-- Task to carry out --
Pictures must not appear in the copy. Restate exactly the lines below from the one with "- Double Rhythm" through the one with "masterpiece, best quality, extremely", inclusive.

-- Entries provided --
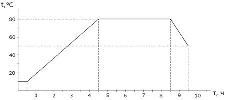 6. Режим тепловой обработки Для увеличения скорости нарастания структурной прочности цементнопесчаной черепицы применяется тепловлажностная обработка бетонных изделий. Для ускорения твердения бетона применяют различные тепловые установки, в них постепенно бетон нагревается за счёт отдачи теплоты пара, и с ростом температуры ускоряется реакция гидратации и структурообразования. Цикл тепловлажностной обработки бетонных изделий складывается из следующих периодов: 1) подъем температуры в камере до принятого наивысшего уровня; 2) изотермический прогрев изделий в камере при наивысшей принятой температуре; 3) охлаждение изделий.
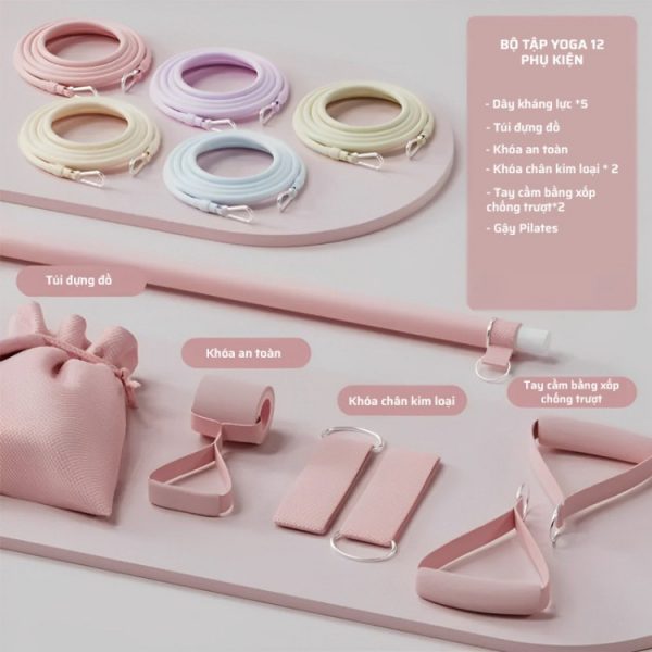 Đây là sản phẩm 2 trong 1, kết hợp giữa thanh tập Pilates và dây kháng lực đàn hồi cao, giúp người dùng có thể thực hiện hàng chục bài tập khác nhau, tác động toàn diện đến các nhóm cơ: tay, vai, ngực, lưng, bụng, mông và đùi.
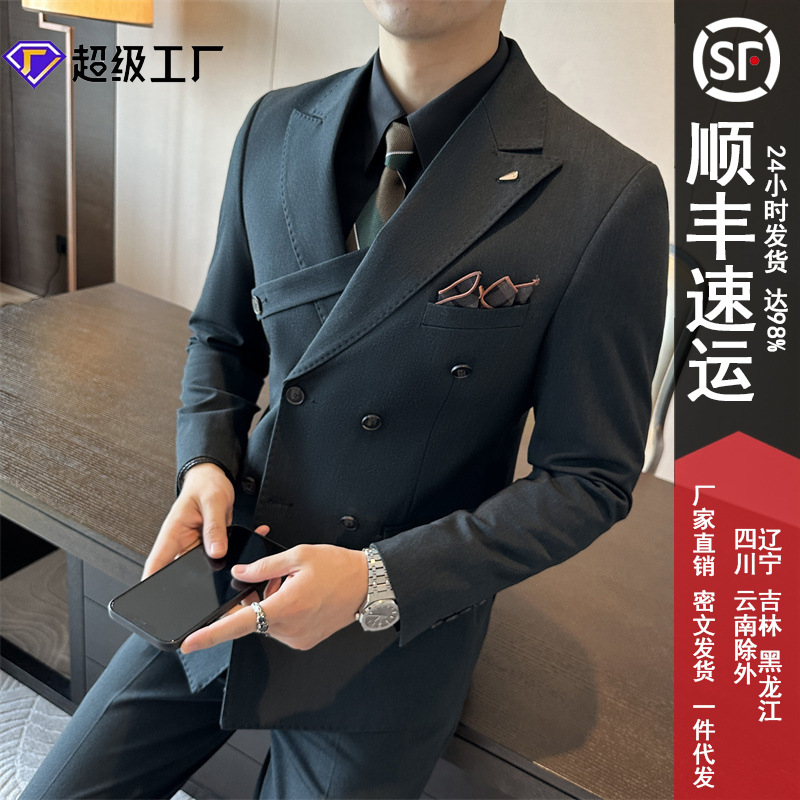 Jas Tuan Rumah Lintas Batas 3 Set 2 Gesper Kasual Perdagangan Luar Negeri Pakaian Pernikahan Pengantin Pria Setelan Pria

--

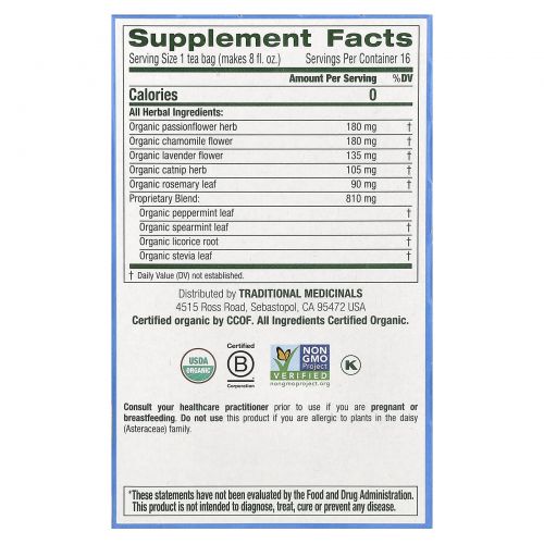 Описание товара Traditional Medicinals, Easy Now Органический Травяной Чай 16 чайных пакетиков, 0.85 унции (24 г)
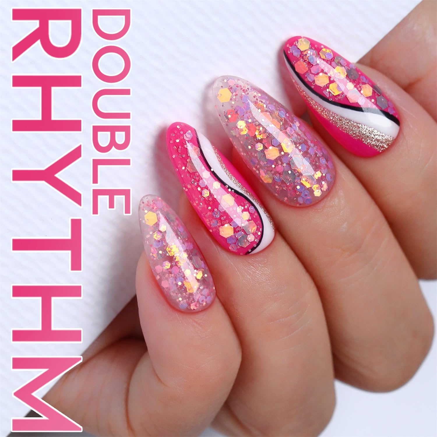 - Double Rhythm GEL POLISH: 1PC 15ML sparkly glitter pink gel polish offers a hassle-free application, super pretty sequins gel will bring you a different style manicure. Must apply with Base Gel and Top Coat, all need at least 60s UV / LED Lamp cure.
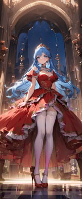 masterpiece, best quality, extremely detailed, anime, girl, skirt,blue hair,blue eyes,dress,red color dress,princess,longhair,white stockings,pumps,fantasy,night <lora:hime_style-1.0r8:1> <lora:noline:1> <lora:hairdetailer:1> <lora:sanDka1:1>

-- Solution to this problem --
 - Double Rhythm GEL POLISH: 1PC 15ML sparkly glitter pink gel polish offers a hassle-free application, super pretty sequins gel will bring you a different style manicure. Must apply with Base Gel and Top Coat, all need at least 60s UV / LED Lamp cure.
 masterpiece, best quality, extremely detailed, anime, girl, skirt,blue hair,blue eyes,dress,red color dress,princess,longhair,white stockings,pumps,fantasy,night <lora:hime_style-1.0r8:1> <lora:noline:1> <lora:hairdetailer:1> <lora:sanDka1:1>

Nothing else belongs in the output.